Recent Developments and Issues
- In February 2024, they changed their name from Ceridian HCM Holdings Inc to Dayforce, Inc.
- In their latest earnings call, they mentioned they are expanding to new markets, mostly internationally.
- They have said they are looking to bring a unified solution that provides all aspects of human capital management.
- There have been no major controversy that has plagued the company recently.
Moat Analysis
Based on our analysis, we will give the company a 2/5 moat rating. Here’s why:
- Intangible Assets: Dayforce benefits from a strong platform that offers all the functionalities that its customers need in one place and the strength of its brand within the human capital management (HCM) space. These help them retain and grow their customers, as well as helping them attract new customers due to the positive brand image. While it is a positive, it is not impossible to replicate, especially for the biggest players in the industry, therefore, cannot provide a very strong sustainable competitive advantage.
- Switching Costs: DAY offers services that tie into many parts of the customers’ business, therefore, a high switching cost exists, but in general, that does not prevent new companies from attracting clients, especially at small sizes.
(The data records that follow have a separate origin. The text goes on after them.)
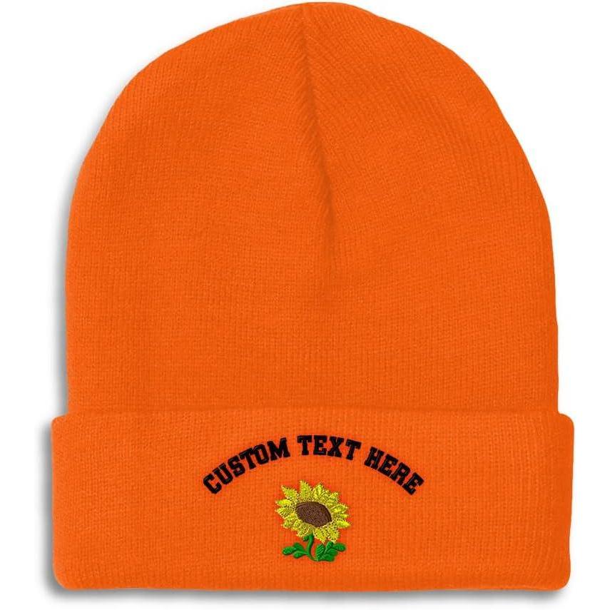 Speedy Pros Beanies for Men Plants Fringe Sunflower Embroidery Winter Hats for Women Acrylic Skull Cap 1 Size(Orange Personalized Text Here)
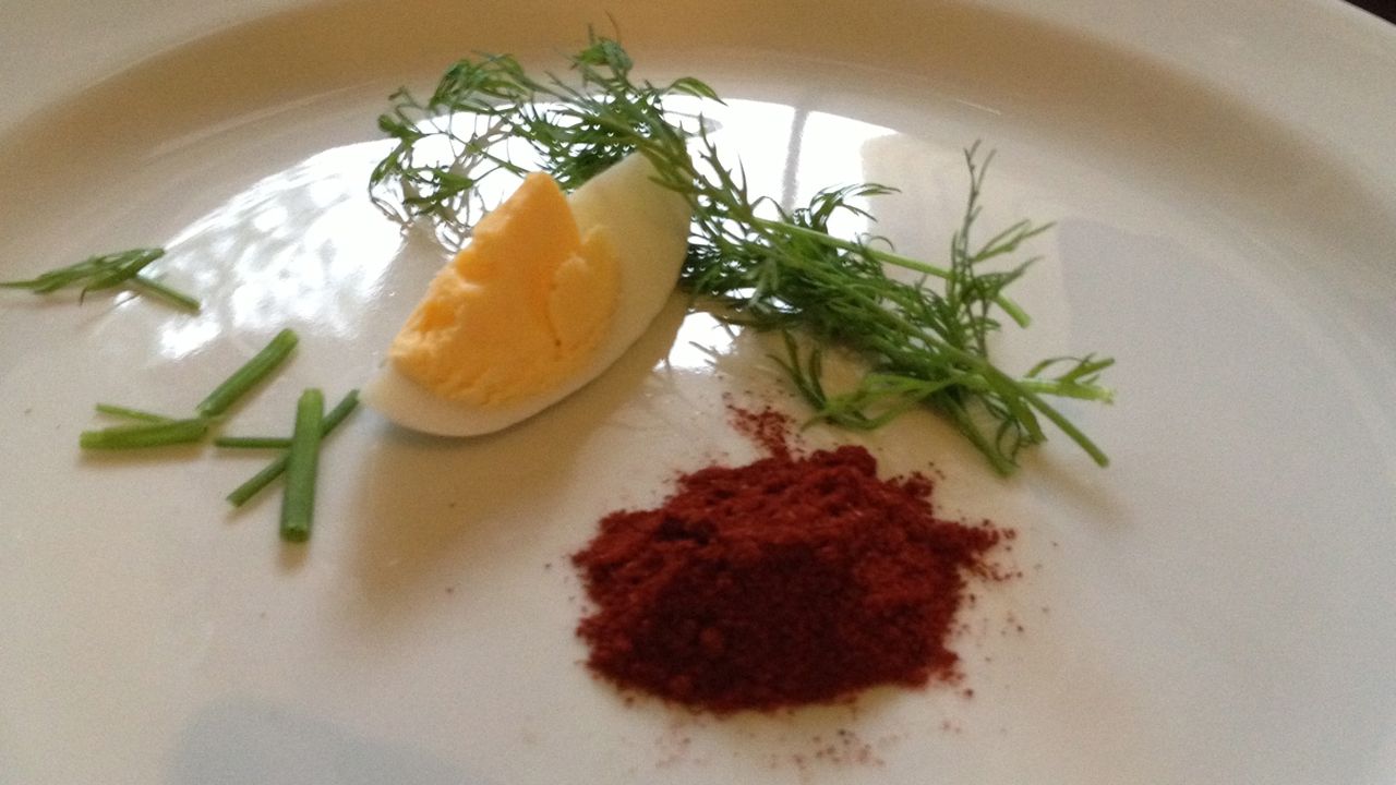 Etiketin mukaan sisältöön pitäisi olla käytetty beste zutaten jopa seit 1722. Purkkia avatessani toivoin, että nämä zutaten olisivat hieman tuoreempaa vuosikertaa. Itse tarjoiluehdotus koostuu (puisesta) kulhollisesta hapankaalia. Koristeena on pari jonkinsortin nokkosta sekä viisi kokonaista mustapippuria. Eines lusikoidaan luonnollisesti puulusikalla.
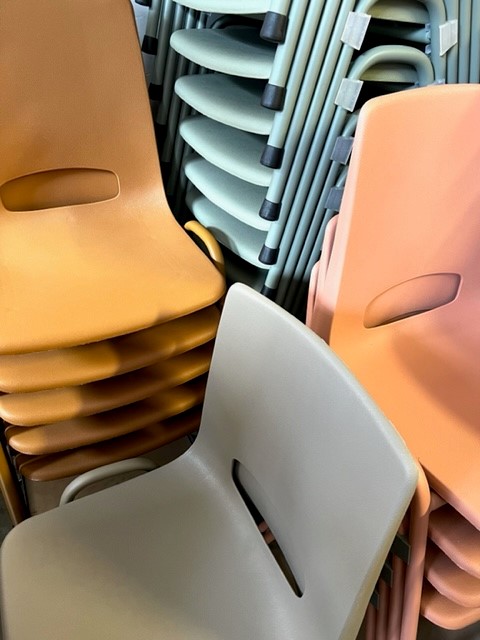Retro kuipstoel ton sur ton Stapelbare retro kuipstoelen in ton sur ton kleuren. Beschikbaar in: Okerbruin / RAL8001 Cementgrijs (groen) / RAL7033 Beige rood (roze) / RAL3012 Taupe / NCS-S5010 Afmetingen: D53cm x B47cm x H80cm, zithoogte 46cm PRIJS PER STOEL € 109,-
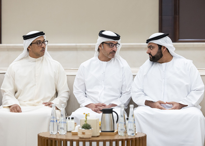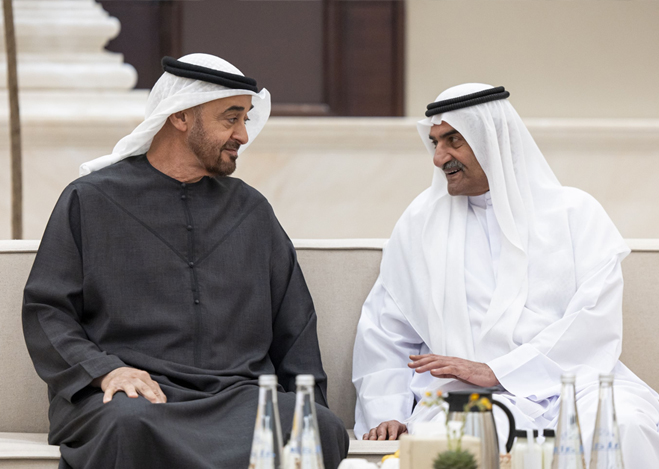 استقبل صاحب السمو الشيخ محمد بن زايد آل نهيان رئيس الدولة “حفظه الله” اليوم أخاه صاحب السمو الشيخ حمد بن محمد الشرقي عضو المجلس الأعلى حاكم الفجيرة يرافقه سمو الشيخ محمد بن حمد بن محمد الشرقي ولي عهد الفجيرة.

The stickiness may not be high for a company with a few employees, but it becomes harder for a company with hundreds of employees.
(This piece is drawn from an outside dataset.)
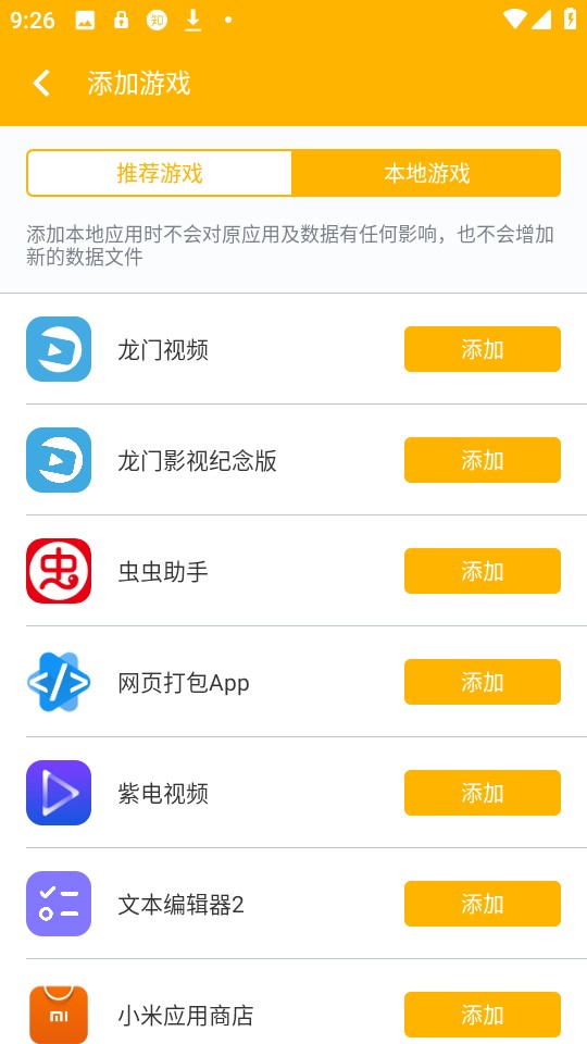 6、此刻,打开App,轻点“添加游戏”按钮,接着从“本地游戏”里挑选您想添加的游戏。
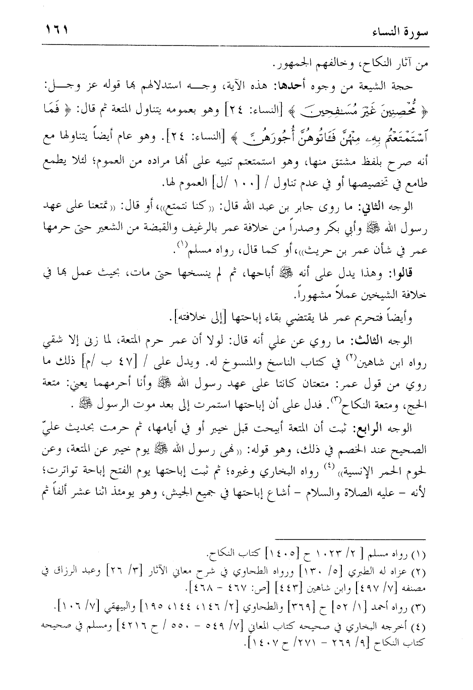 الوجه الثاني: ما روى جابر بن عبد الله قال: «كنا نتمتع»، أو قال: «تمتعنا على عهد رسول الله صلّى الله عليه وسلّم وأبي بكر وصدرا من خلافة عمر بالرغيف والقبضة من الشعير حتى حرمها عمر في شأن عمر بن حريث»، أو كما قال، رواه مسلم (1).

- Network Economics: Their system connects companies with their employees, so there is a slight benefit from network economics, but it is not strong or large enough to have a major impact.
- Cost Advantages: Cost advantages do not play much of a role, except their strong scale helps reduce costs, but there is no evidence to suggest that it gives them a sustainable advantage.
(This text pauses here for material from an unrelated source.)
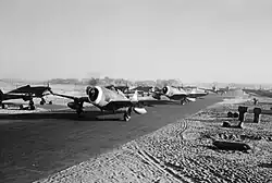 In November 1943, 6 Squadron and later 8 Squadron were moved to Cox's Bazar.[16][17] By the end of February 1944, No 6 Squadron pilots had completed over 1,000 operational sorties, averaging 6 sorties a day per pilot, a record for the entire the Third TAF. Towards the end of March 1944, 4 Squadron joined the operations when it was moved first to Feni airfield, and then to Comilla in June to replace 6 Squadron.[18] In March 1944, the squadron moved to Feni for operations against the Japanese. The role of the squadron was to provide close Air support to the XIV Army. It was from Feni that the squadron carried out its first operational sorties by providing fighter escort to Dakota, engaged in supply dropping missions in the northern Burma. From August 1944 to January 1945, No. 4 Squadron was based at Cox's Bazar and carried out CAS, interdiction and tactical recce operations.[18]
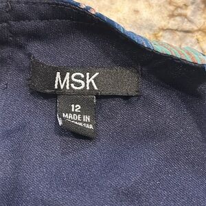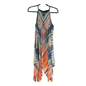 Vibrant maxi dress with geometric patterns. Features shades of blue, orange, and cream. Perfect for a stylish look.

The biggest reason the company was given such a low moat rating is that although their solution is a good one, its benefits may not necessarily have the power to fend off competitors as competitors could potentially replicate its product offering if they desire.
Risks to Moat and Business
- Competitor Replication: Competitors could successfully replicate Dayforce’s offerings, undermining the company’s competitive advantage.
- Technological Disruption: The HCM market is rapidly changing, and an innovation in AI or other software could render their solutions obsolete, resulting in loss of market share.
- High Level of Competition: Existing large players could engage in a price war or product improvements to harm the company’s profitability.
- Acquisition Challenges: Their main strategy is to grow through acquisitions, and failure to successfully integrate those can impede their growth and have a negative effect on their financials.
- Cybersecurity Risk: Since the company’s offerings are primarily based in cloud based software and deals with sensitive personal data, they are very vulnerable to cybersecurity breaches that can harm both the image and financials of the company.
- Regulatory Risk: The company provides solutions across various jurisdictions and compliance with laws, regulations, and accounting practices may become an important barrier to entry for new competition, or to disrupt the company’s business model.
- Macroeconomic Factors: Any downturn in the economy, changes in interest rates, inflation, changes in tax laws and other macroeconomic events might have negative effects on the performance and financials of the company.
The biggest risk to their moat is a larger tech company, that has enough resources and know-how, deciding to copy and directly compete with them.
Understandability Rating: 2 / 5
Their business model and value drivers are relatively straightforward (cloud-based services, a diverse set of offerings, large customers) but it also involves navigating complex tax law, different financial regulations, cybersecurity risk etc, which makes understanding the business operations beyond the surface more difficult.
Balance Sheet Health Rating: 3 / 5
Their balance sheet has strong positive cash balance, and low short term debt. This is counteracted by low share holders equity and negative owners’ earnings. Given that, the balance sheet health is considered ok, but not great.